На самом деле, он пришел сюда не для того, чтобы увидеть Амида, а из-за того, что решил еще раз послушать ту запись Джатеда. Он начал искать — и в памяти и в кабинете — и наконец наткнулся на шкафчик с надписанным на дверцей именем «Джатед». Во втором сверху ящике шкафа находилась коробка с кассетами.
Он отнес коробку на стол Амида, уселся на стуле рядом и вставил кассету в щель на пульте управления. Зазвучал голос Джатеда; эта запись, похоже, была сделана на несколько лет раньше, чем та, которую Хэл слушал раньше.
Он просмотрел другие кассеты. Судя по датам, они охватывали период приблизительно в двенадцать лет, и он решил начать с самых поздних. Сидя в пустом кабинете, Хэл слушал звучный, неотразимый голос основателя Гильдии.
В основном смысл сказанного был достаточно прост. Джатед полагал, что каждый человек, обладающий необходимой верой и самодисциплиной, должен оказаться способным войти в личную, отдельную вселенную, во всем походящую на ту физическую, которая окружает его; за исключением того, что в этой другой вселенной воля этого человека могла осуществить что угодно — просто сочтя такое желание фактом.
Кроме того, Джатед, похоже, считал, что если эта воля окажется достаточно сильной, то осуществленное ею в этой отдельной вселенной можно воспроизвести в реальной вселенной — убедив умы других в том, что эти перемены относятся и к физической вселенной.
Короче говоря, он верил в личную, отдельную вселенную; и в то, что так называемая реальная вселенная — всего лишь продукт соглашения существующих в ней человеческих умов.
Именно в последнем мнении о реальной вселенной Хэл расходился с Джатедом.
Верно, когда он был Полом Формейном, триста лет назад, он пережил ночь безумия, которую навлекла на город первая Гильдия Придела, основанная Уолтером Блантом, та самая Гильдия, которая породила всю культуру экзотов. Он видел памятник, тающий подобно воску, каменного льва, украшавшего балкон здания, — тот поднял голову и зарычал, и дыру в пустоте посреди улицы. Пустоту настолько черную, что его глаза отказались сосредоточиться на ней.
Тем не менее Хэл придерживался собственного представления о единой, отдельной творческой вселенной, которая станет для человечества инструментом, а не только коробкой с реквизитом для фокусов.

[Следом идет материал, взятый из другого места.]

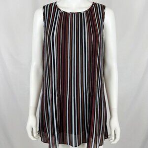 NWOT Halogen Women's Black Orange Striped Pleated Tunic Blouse

Тем не менее он не сомневался, что и Джатед, должно быть, также испытал момент откровения, когда абсолютная истинность того, что преходящее и вечное едины, стала бесспорной. Но от этой точки они стали строить различные дороги — хотя во многом из одного и того же материала.
В любом случае, его мозг не хотел именно сейчас работать над этой проблемой. Это было отказом, но отказом иного рода, чем тот, который он испытал в Абсолютной Энциклопедии перед прибытием сюда.
Тогда это было преградой, болезненной ситуацией, в которой он снова и снова обращался к тем же самым ответам, каждый раз находя их непригодными. А сегодняшний день был приятным моментом отдыха на пути, который, как он теперь знал, правилен, и ведет прямо к цели.
Но сейчас его мозг не хотел сражаться с этой проблемой — да и с любой проблемой вообще. Он убрал кассеты в коробку и вышел.
Позже Хэл только с огромным усилием мог вспомнить, как для него прошла остальная часть того дня. Отчасти потому, что он не хотел по-настоящему рыться в памяти, а только неясно припомнить его, как нечто приятное. Во всяком случае, к тому времени как настала ночь, он наконец чего-то поел, а потом вернулся назад и расположился в кабинете Амида, у очага с музыкальным инструментом в руках.
Это была реконструкция классической шестиструнной испанской гитары. Эта гитара очень походила на ту, на которой он играл и аккомпанировал своему пению, когда он был шахтером на Коби.